Data entries:

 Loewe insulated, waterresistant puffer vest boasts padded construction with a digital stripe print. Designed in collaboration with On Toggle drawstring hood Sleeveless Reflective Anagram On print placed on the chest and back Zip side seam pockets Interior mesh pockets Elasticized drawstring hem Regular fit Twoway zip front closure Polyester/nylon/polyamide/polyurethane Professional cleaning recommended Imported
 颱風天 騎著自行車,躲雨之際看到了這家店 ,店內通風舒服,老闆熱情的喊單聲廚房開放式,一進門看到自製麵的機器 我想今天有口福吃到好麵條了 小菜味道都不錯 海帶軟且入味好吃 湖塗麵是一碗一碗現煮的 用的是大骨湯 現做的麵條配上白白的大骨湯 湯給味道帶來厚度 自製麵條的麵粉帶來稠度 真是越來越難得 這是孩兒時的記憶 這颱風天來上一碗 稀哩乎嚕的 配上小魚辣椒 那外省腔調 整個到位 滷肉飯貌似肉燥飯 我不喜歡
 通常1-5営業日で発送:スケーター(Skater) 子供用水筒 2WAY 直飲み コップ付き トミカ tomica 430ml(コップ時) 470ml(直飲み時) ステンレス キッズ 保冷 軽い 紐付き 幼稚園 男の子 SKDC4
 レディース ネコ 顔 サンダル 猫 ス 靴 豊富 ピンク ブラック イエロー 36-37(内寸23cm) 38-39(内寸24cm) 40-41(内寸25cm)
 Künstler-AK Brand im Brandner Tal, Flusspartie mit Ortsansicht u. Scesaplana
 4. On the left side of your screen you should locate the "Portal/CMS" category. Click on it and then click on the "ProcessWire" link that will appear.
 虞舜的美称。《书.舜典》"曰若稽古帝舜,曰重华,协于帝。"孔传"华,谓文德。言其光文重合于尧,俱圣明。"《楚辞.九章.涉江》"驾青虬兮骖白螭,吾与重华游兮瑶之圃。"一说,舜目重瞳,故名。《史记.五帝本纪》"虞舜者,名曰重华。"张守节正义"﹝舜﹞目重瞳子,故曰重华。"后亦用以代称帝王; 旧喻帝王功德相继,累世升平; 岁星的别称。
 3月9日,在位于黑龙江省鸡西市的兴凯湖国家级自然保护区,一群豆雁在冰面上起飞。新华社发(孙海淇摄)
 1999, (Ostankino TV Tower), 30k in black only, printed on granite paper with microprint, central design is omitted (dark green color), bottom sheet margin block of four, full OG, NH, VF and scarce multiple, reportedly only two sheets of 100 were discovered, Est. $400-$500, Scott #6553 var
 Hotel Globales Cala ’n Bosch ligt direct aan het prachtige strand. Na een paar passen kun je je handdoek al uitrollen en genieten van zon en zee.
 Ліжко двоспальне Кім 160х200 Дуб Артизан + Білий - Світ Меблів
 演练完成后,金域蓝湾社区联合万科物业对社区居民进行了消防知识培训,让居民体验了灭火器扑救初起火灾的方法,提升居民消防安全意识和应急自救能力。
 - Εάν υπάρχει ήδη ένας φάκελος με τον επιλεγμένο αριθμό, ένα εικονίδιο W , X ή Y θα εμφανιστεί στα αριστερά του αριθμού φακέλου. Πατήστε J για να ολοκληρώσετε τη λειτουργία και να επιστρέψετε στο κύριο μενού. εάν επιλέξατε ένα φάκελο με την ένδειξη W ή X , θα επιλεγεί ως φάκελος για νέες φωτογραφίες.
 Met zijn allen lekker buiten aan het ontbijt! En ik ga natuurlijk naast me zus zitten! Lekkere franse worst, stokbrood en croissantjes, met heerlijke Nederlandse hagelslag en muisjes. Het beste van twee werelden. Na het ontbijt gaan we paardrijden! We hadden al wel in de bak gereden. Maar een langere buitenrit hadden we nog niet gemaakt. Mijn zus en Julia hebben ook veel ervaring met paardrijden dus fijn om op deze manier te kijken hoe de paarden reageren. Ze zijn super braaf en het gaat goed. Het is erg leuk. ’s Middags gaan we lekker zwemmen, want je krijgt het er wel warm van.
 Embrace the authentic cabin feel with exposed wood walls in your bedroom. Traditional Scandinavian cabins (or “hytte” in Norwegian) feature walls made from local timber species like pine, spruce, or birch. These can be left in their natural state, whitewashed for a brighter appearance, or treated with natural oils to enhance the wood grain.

#### Goal of the exercise
Repeat exactly the lines above from the one with "通常1-5営業日で発送:スケーター(Skater) 子供用水筒 2WAY" up to and including the one with "Künstler-AK Brand im". No other line belongs in the reply.

#### Written reply
 通常1-5営業日で発送:スケーター(Skater) 子供用水筒 2WAY 直飲み コップ付き トミカ tomica 430ml(コップ時) 470ml(直飲み時) ステンレス キッズ 保冷 軽い 紐付き 幼稚園 男の子 SKDC4
 レディース ネコ 顔 サンダル 猫 ス 靴 豊富 ピンク ブラック イエロー 36-37(内寸23cm) 38-39(内寸24cm) 40-41(内寸25cm)
 Künstler-AK Brand im Brandner Tal, Flusspartie mit Ortsansicht u. Scesaplana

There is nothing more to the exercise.